Я поднимал книгу в воздух — это была «Краткая всемирная история философии». Она смеялась так беззаботно, что половина зерен вылетала у нее изо рта, и смеялась она так за нашим ужином частенько, но все равно кое-что успевала проглотить, и хотя ела она всего один раз в день, это было лучше, чем ничего, я оставался доволен, а лицо ее все розовело и розовело.
Клара завалилась в проем между входной дверью и стеной, и когда дверь отворяется — а отворяется она внутрь, — падает набок и не может даже выставить локоть, чтобы, опершись на него, вернуться в прежнее положение. Я прячу свой джентльменский набор кокаиниста, только что распакованный, обратно в брючный карман, перевожу Клару в вертикальное положение, заставляю и пса подняться на ноги и выпроваживаю обоих на улицу. Женщина с детской коляской, выходящая из дома, отталкивает мою руку, когда я хочу помочь ей перенести коляску с крыльца на тротуар. С опозданием соображаю, что нам не хватает разве что шапки у ног, чтобы сойти за нищих. Женщина с коляской удаляется на максимальной скорости. Я забочусь о том, чтобы Клара не рухнула наземь, пес отползает в тень, я жду, пока фасады домов не перестанут качаться, наплывая на нас приливной волною, и включаю диктофон.
23
ЗОЛОТЫЕ РЫБКИ
По субботам и воскресеньям я уходил из дому точь-в-точь как в будни, разве что возвращался вечером пораньше, но никогда до полседьмого. Мне хотелось приучить Джесси к определенному ритму, чтобы иметь возможность положиться на то, что она окажется в состоянии управляться с собой в дневное время, пока я работаю. В освободившиеся таким образом часы я наведывался к себе в квартиру на Верингерштрассе, где меж тем уже начало попахивать запустением. Переодевался, забирал рубашки из прачечной и костюмы из химчистки и еще на пару часиков наведывался в контору, чтобы как минимум продемонстрировать добрую волю. Мне было понятно, что я в некотором роде схожу с дистанции. Краем уха я слышал, что возникло какое-то новое дело, связанное с Балканами, то есть по моей прямой специализации, и что Руфус пару раз отменял свои университетские лекции, чтобы слетать в Албанию. Он не приглашал меня с собой, и я даже не знал, что у него там за дела. Когда мне случалось по оплошке задуматься над тем, что со мной происходит, я впадал в панику. Не раз возвращался я к мысли о необходимости сосредоточиться на работе, вновь начать засиживаться в конторе до десяти или самое меньшее девяти. Но ровно в шесть перед моим мысленным взором всплывал образ Джесси, одиноко притулившейся к двери в пустой квартире, ожидая меня, а после семи мне было и вовсе не усидеть на стуле. Я хотел обсудить это с Руфусом, но мне было ясно, что Джесси от кого-то скрывается, и пока я не выяснил, что с ней произошло и кто в этом замешан, нельзя было говорить никому, где она находится. Когда я однажды услышал из ее уст имя Руфуса, меж ними словно бы разверзлась пропасть, и непонятно почему у меня росло ощущение, что я должен сделать выбор. Впервые в жизни я попал в ситуацию, в которой не мог довериться Руфусу.

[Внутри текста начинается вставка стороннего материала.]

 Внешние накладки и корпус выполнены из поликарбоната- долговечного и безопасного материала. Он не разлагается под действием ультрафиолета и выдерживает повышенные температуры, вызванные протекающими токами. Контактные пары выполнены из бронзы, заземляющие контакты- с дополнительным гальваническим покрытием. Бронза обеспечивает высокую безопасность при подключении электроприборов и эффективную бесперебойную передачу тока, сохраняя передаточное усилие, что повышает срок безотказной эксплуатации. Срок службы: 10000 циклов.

Улица пахнет раскаленным асфальтом и выплюнутой жвачкой. На пару минут покидаю Клару и пса и покупаю бутылку воды в супермаркете на углу — в том самом, где всегда покупал рис для Джесси. Наливаю минералки в ладонь и брызгаю Кларе в лицо. Пузырьки газа на какую-то долю секунды остаются на коже, смахивая на стеклянных мух, потом лопаются. Набираю пригоршню минералки и для пса, он слизывает мощными толчками большого языка, а голову поднять все равно не может. Отдельные пешеходы, качаясь, проходят по улице и исчезают в подъездах, про которые мне известно, что там прохлада и кафель, что пол под почтовыми ящиками усеян рекламой и выход во двор заставлен трехколесным велосипедом. Я чувствую себя одиноко.

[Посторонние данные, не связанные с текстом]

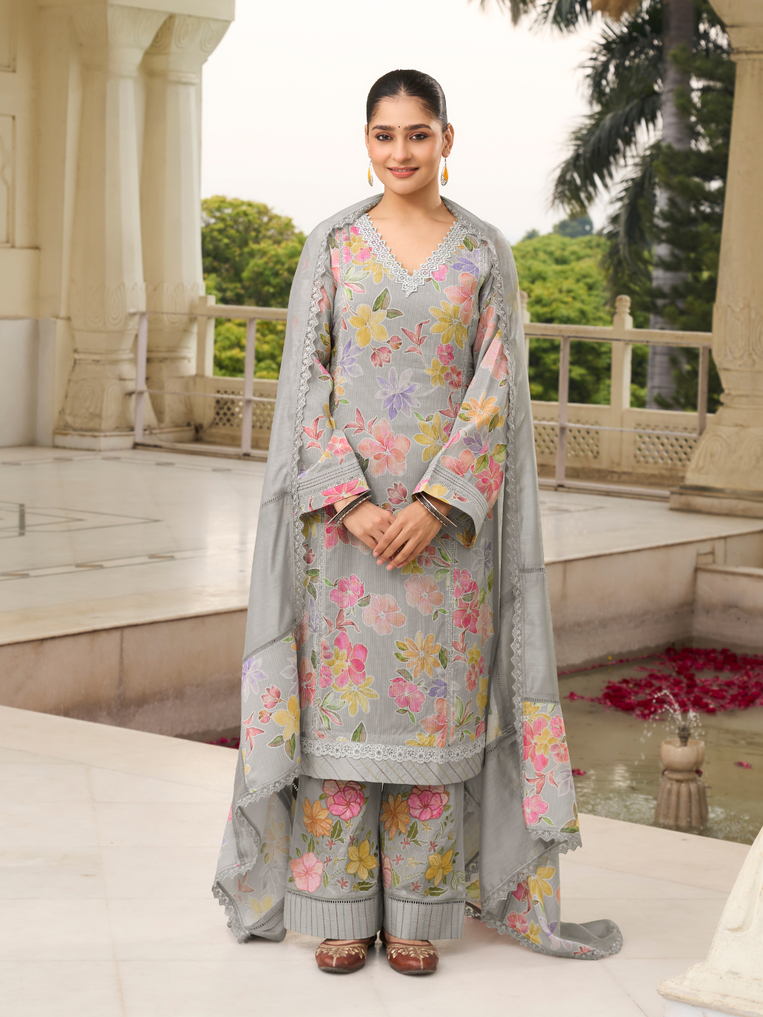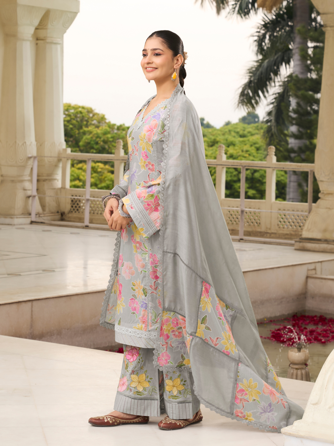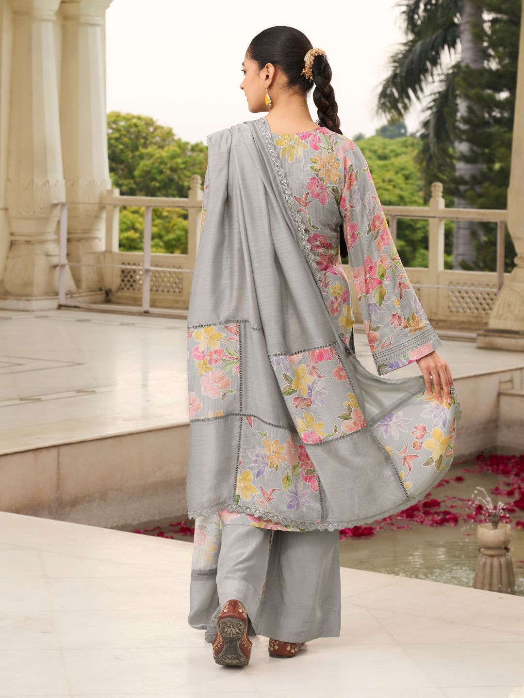 Dupatta: Muslin designer dupatta, finished with elegant lace work. (Length: 2.35 meters)

Клара, говорю я, с самого рождения в голове у меня какой-то шум, объясняющийся единственно тем, что я живу на свете, и он столь же невыносим, как царапанье длинным ногтем по грифельной доске. Иногда, если все вокруг стихает, этот шум усиливается и от него уже никуда не денешься.
Не думаю, что она меня слышит.
Жил да был учитель арифметики, говорю я, который вечно писал мелком величиной с горошину, а я сидел в классе и глядел как загипнотизированный на его чересчур длинные ногти, которыми он удерживал мелок, чертя им дуги и линии слева направо через всю доску. Геометрические фигуры, получавшиеся у этого учителя, были зеркалом моего сознания, диаграммами истошных воплей.
Я хочу наговорить эти предложения на диктофон, но, когда включаю его, весь пассаж уже улетучился из памяти, за исключением двух слов, которые я бессмысленно повторяю: истошные вопли, истошные вопли.
А ты сегодня ела, спросил я.
Да, сказала Джесси.
Я осторожно задрал ей футболку, полюбовался пару секунд безмятежным пупком, чистым, как перламутровая изнанка морской раковины, и прижался носом к ее животу.
Что ты делаешь?
Однако она не оттолкнула меня.
Выясняю, что ты сегодня ела.
Что ж ты, это сквозь кожу учуешь?
А вот и учую!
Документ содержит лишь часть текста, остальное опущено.